Sidang MK Pertanyakan Hukum Pilkada Banjarbaru: Suara Tidak Sah dan Protes Pemilih
Sidang Mahkamah Konstitusi mempertanyakan dasar hukum Pilkada Banjarbaru 2024 terkait banyaknya suara tidak sah akibat disusulfikasinya satu pasangan calon, tanpa menerapkan sistem kotak kosong.
Sidang Mahkamah Konstitusi (MK) mempertanyakan legalitas Pilkada Banjarbaru 2024. Persidangan Senin lalu menyoroti tingginya angka suara tidak sah karena satu pasangan calon, Aditya-Said, didiskualifikasi, tetapi fotonya tetap ada di surat suara.

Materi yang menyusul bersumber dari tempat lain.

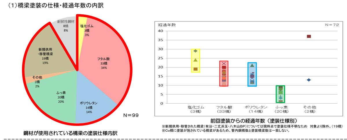 安部 今年度は3橋90㎡で部分塗替えを行う予定です。当事務所が管理する鋼橋塗装の内訳は、確認済みの99橋のうち、現況の塗装は塩化ゴム系が3橋、フタル酸系が33橋、ポリウレタン系が14橋、フッ素系が20橋、その他2橋となっています。また耐候性鋼材を採用している鋼橋は8橋です。

Hakim Enny Nurbaningsih mempertanyakan dasar hukum yang digunakan. Meskipun suara untuk pasangan yang didiskualifikasi dinyatakan tidak sah, prosesnya berbeda dari Pasal 54C UU Pilkada yang mengatur metode 'kotak kosong'. Enny mempertanyakan, "Bagaimana dasar hukumnya jika pasangan calon tidak mengikuti Pasal 54C, namun suaranya dianggap tidak sah?"

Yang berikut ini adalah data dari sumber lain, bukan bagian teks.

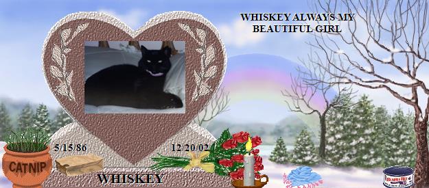 | Whiskey was my companion for almost seventeen years. From the day that my Mother and I brought her home at age 16 and I laid her to rest at 34 she was the love of my life. Although in the last few years with me moving out on my own I didn't see her everyday, but I always knew she would be in great hands with my Mom and Dad and she was. I would visit her at least once a week when the weather and work permitted and it was like I never left. She would come to me if she was outside and greet me with her "hello" meow or if she was inside sleeping, as soon as I snuck into the room she would roll over showing me her belly along with her giggle-like purr that I have never heard from any other cat. She was very intelligent, loved to have her picture taken, always grooming herself, and would eat at the table with us especially on Sunday when I would visit, sitting on her own chair awaiting for her portion to be cut up in her bowl and placed there to her delight. She would leave in the morning especially if the weather was nice like going to work and always return around 3:00p.m. like another day at the office done. At Thanksgiving her favorite, she would have all the turkey she could eat and eat she did! At Christmas she would get a bright green bow to wear around her neck when she would decide to come downstairs and join the rest of us for the festivities, and a red one when she would become our SPOOKY Halloween cat. Her favorite toy believe it or not was a plain old paper bag that she would spend hours in teething around the edges when she felt like it, and zooming around the house for no apparent reason at all giggle-purring as if wanting to play tag with me. She always got what she wanted when she wanted it and was showered with love from all of us. She survived 2 dogs, the last passing in 2000 and when it was her time She went out the way she wanted at home, in the kitchen where she would await all kinds of snacks to be served to her and by herself because she didn't want any of us to see her go. My mom was lucky enough to be able to say good-bye to her that morning before work and I was the one who found her later that day. That will be one of those moments that I will always remember where I was. Strangely enough, I could not get out of bed that day early to check on her as if something was keeping me there making me fall behind schedule. I'll always believe that she wanted to go alone although she fought hard the last several days as if she really didn't want to. Towards the end, she spent her days under my bed away from everyone and I would sit there petting her softly, so she would know she was not alone and that I was there. She died quickly of Glandular Lymphoma despite everything we did to help her. In the end all we could do was make her as comfortable as possible and I am glad that I had that time although heart-breaking as it was to make sure that she knew how much I really loved her. We laid her to rest in a special casket my father built and we buried her under her favorite pine tree in the back yard under a clear sky. You always know in the back of your head that one day your special one will go but you're NEVER really prepared when it does happen. I will always miss my Beautiful green-eyed princess, my friend and companion, and you will always be in my heart. Sleep well my Wowie, I will always love you. Anthony |

Ketua KPU Banjarbaru, Dahtiar, menjelaskan bahwa mereka berpedoman pada Keputusan KPU Nomor 1774 Tahun 2024 tentang Pedoman Teknis Pelaksanaan Pemungutan dan Penghitungan Suara. Keputusan ini ditetapkan pada 23 November 2024.

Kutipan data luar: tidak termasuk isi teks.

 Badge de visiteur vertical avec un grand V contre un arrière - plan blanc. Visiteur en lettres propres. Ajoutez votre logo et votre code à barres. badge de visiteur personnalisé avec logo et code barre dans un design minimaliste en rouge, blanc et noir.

Pilkada Banjarbaru diikuti dua pasangan: Erna Lisa Halaby-Wartono (nomor urut 1) dan Aditya Mufti Ariffin-Said Abdullah (nomor urut 2). Aditya-Said didiskualifikasi berdasarkan Keputusan KPU Kota Banjarbaru Nomor 124 Tahun 2024 (31 Oktober 2024) atas rekomendasi Bawaslu Kalsel karena pelanggaran administratif.
Meskipun demikian, foto Aditya-Said tetap ada di surat suara. Hasilnya, Erna-Wartono menang dengan 36.135 suara, sementara suara tidak sah mencapai 78.736 suara. Angka suara tidak sah yang tinggi ini menjadi sorotan.
Hakim Arief Hidayat menduga suara tidak sah menunjukkan protes pemilih terhadap Erna-Wartono. Namun, kuasa hukum KPU, Muh. Salman Darwis, membantahnya. Ia menjelaskan, suara tidak sah bukan hanya dari pemilih yang mencoblos Aditya-Said, tapi juga karena surat suara rusak atau dicoblos tidak sesuai aturan.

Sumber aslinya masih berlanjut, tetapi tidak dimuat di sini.